An autistic child plays outside, learning to socialize and embrace his identity. / PHOTO COURTESY OF PIXABAY

Nick Hughes
Managing Editor

Identity-first language is the preferred way that I like to be referred to. This means that I prefer to be called an autistic person, instead of a person with autism. I have been told by medical professionals all my life that people-first was the correct way. These past couple years I have decided, for myself, that this was not the correct way. People-first, for autism, diminishes my personal identity, and I hold that identity in high regard. 

Identity is defined as the fact of being who or what a person or thing is. I am autistic. That is not a slur at all, and I am working so hard to keep it from becoming a slur. Unfortunately, another word became stigmatized, the r-word, and I am concerned that will happen to the term autistic. It is imperative that this does not happen. My personhood should not be a slur to insult others with. 

The forced nature of people-first, when it comes to the term autistic person, is making the term become stigmatized. This forcefulness comes from a multitude of sources. Chief among them is the misinformation about autism. A group that is partially responsible for this pushed agenda is the charity group Autism Speaks. I have spoken at length about Autism Speaks in many of my prior articles here at the Snapper, and you can find them on the Snapper website.

The misinformation about autism started, that I became aware of at least, with the Andrew Wakefield study, which has been debunked multiple times, but which claimed that certain vaccines cause autism. This is not true. There is no scientific evidence that vaccines cause autism. 

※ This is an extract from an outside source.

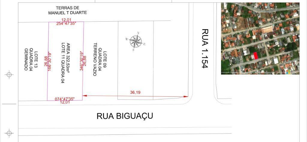 Área total de 322,53 m2, sendo 12 ,01 de testada e 26,88 de fundos.

Another source of misinformation is the cycle of it being regurgitated by parents who see Autism Speaks as the best source to look to for information. I get it, finding out that your child has autism, would probably be scary. This leads to the issue of trusting science, and there is a severe lack of trust in American society these days. 

Through all the misinformation, there are still autistic people figuring out that they prefer identity-first language. My journey of being autistic has shown me who I am as a person. The autism that is an inherent part of my identity helped me figure these issues out. I do not know how to not be autistic. I was born autistic, and I think it is important to reinforce that point. Autistic is what I am, and it is something that I must deal with and work through. 

One aspect that has helped me out a lot is Autistic Twitter, which is exactly what it says it is. It is a space in Twitter that allows autistic people to talk and sort through their autism in a group setting. Autism, for me, is a social anxiety disorder, and I think it is difficult to define everyone’s autism in one blanket criteria. I struggle greatly with social interaction, but there are some autistic people that do not. 

My identity is an important part of me, and it hurts the autistic community when others do not respect that identity. My suggestion for people who do not know about autism is to ask an autistic person. Go on Twitter, use the Actually Autistic hashtag and ask us. We will talk to you about our experiences. 

My final thought for this is that it comes down to a willingness among us to respect each other and our identity. Everyone has an identity of some sort and there should be respect all along the way for people who are trying to sort their own out.